Los testigos del fracaso

Por Juan Carlos Di Lullo, Redacción de LA GACETA. Los métodos coercitivos no hacen otra cosa que poner en evidencia nuestra falta de conciencia.

15 Octubre 2006
Todo el mundo los conoce: son súbitas alteraciones en la superficie pavimentada de una avenida, o en la tierra consolidada de una calle secundaria; también suele construírselos con rugosas piedras suficientemente separadas como para representar un obstáculo. Reciben el nombre popular de “lomo de burro”; son bendecidos por los vecinos y por los peatones que circulan por las inmediaciones, y vituperados por los conductores que -en más de una oportunidad- deben frenar repentinamente o sufrir consecuencias que hasta pueden llegar a la necesidad de que el vehículo termine en el taller de un especialista en amortiguadores. Los hay de distintos tipos y diseños: algunos están correctamente señalizados y permiten que los automovilistas reduzcan la marcha para superarlos sin inconvenientes. Otros sorprenden a los conductores porque los toman desprevenidos o porque sus dimensiones son tales que es imposible evitar que la parte inferior del vehículo los roce.

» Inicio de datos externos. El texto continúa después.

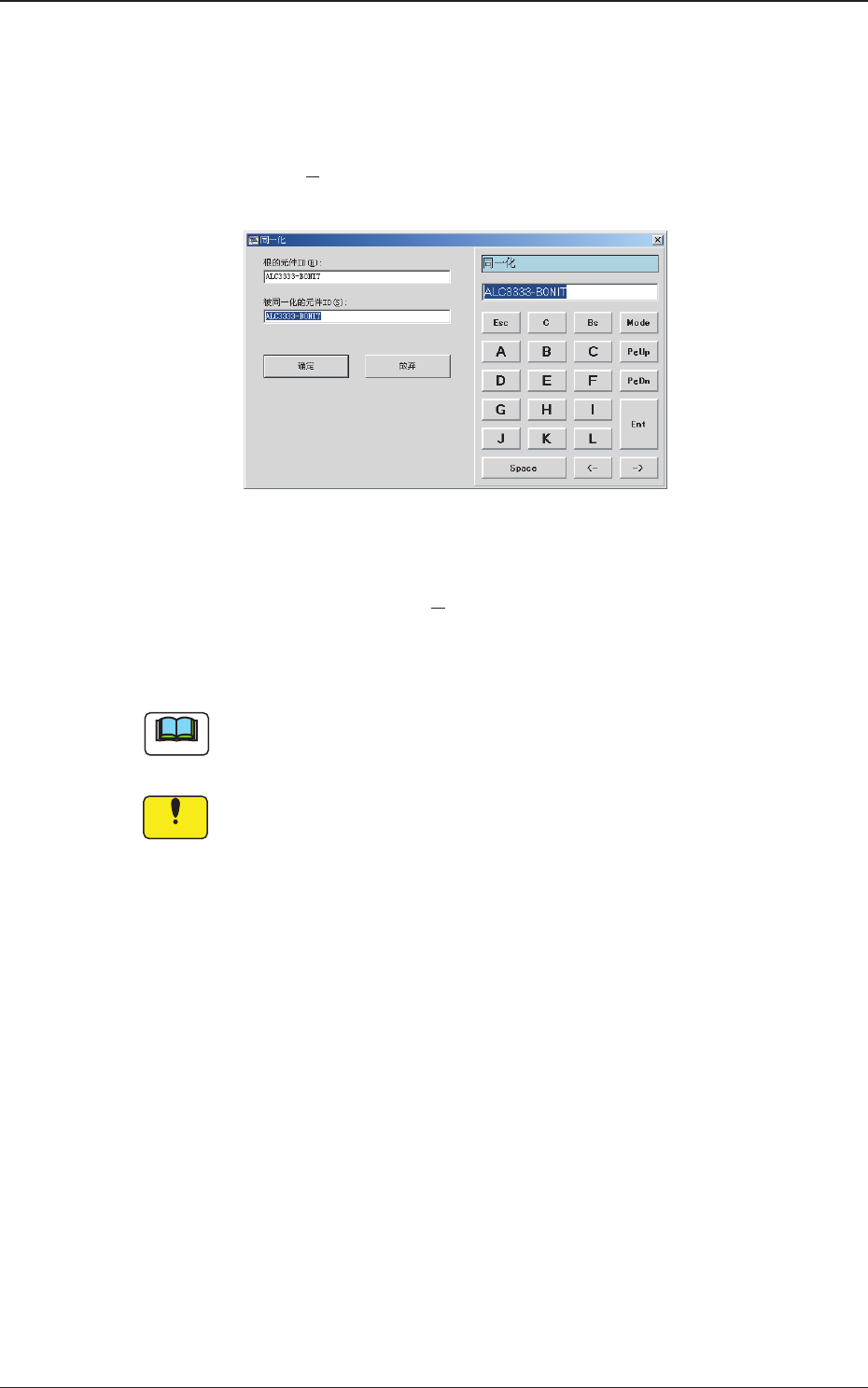 4 - 10 1.2 1.2 1.2 1.2 1.2 “ 选择元件 选择元件 选择元件 选择元件 选择元件 ID ID ID ID ID ” 界面的基本操作 界面的基本操作 界面的基本操作 界面的基本操作 界面的基本操作 0508-004 1.2.6 1.2.6 1.2.6 1.2.6 1.2.6 同一化 同一化 同一化 同一化 同一化 (1) 选择根的元件 ID 。 选中的元件 ID 显示为蓝色。 (2) 按 [ 同一化 ( M)] …

Los “lomos de burro” se colocan para obligar a los automovilistas a reducir la velocidad; en general, señalan lugares en los que se han producido accidentes -muchos de ellos con víctimas mortales-.Y a pesar de todo, en algunas vías de circulación rápida, como las avenidas, no impiden que entre uno y otro los conductores desaprensivos desarrollen velocidades superiores a las permitidas. Así las cosas, los obstáculos cumplen sólo parcialmente su misión de hacer más seguras las calles. Si se hace una lectura más profunda del fenómeno, se apreciará que la existencia de los “lomos de burro” no es otra cosa que una prueba concreta y tangible de la generalizada falta de apego por el cumplimiento de las normas.
Extremando el razonamiento que lleva a construir estos obstáculos, se podría pensar que algún día será necesaria una barrera de acero que caiga sobre las esquinas para reemplazar la luz roja de los semáforos, ya que muchas de estas señales luminosas son olímpicamente ignoradas por un buen número de conductores. O una baranda sobre el borde de las veredas que se extienda de esquina a esquina, para obligar a los caminantes a cruzar la calle por las sendas peatonales. Estas hipotéticas barreras, que pueden sonar absurdamente coercitivas, no lo son más que los “lomos de burro”; en definitiva, el conductor que respeta los límites de velocidad también tiene que frenar y exponer su unidad al riesgo de un golpe contra un obstáculo, que aunque no haya sido pensado para él, lo afecta inevitablemente. También son “lomos de burro” las vallas frente a los edificios públicos, las rejas en las ventanas de las casas, las filas de policías con armas y escudos en los actos públicos, los alambrados olímpicos... La lista de evidencias de la falta de conciencia de nuestros deberes como integrantes de un cuerpo social es demasiado extensa y variada para detallarla acabadamente. Lo cierto es que cada una de ellas muestra que sólo la certeza de un castigo nos induce a cumplir lo que está claramente estipulado en el conjunto de leyes que norman nuestra convivencia. Es un camino muy largo, pero, si nunca se dan los primeros pasos, jamás llegará el día de cruzar la meta. Educar; concientizar; hacer carne en todos los integrantes de la comunidad el concepto de que nadie tiene privilegios por encima de los derechos de su vecino e inculcar el respeto por el otro son tareas arduas que demandan paciencia y perseverancia. Pero integran la única fórmula eficaz que permitirá -allá lejos en el tiempo- recordar los “lomos de burro”, las vallas, los barrotes o los cerrojos como exponentes de un pasado definitivamente enterrado en la historia.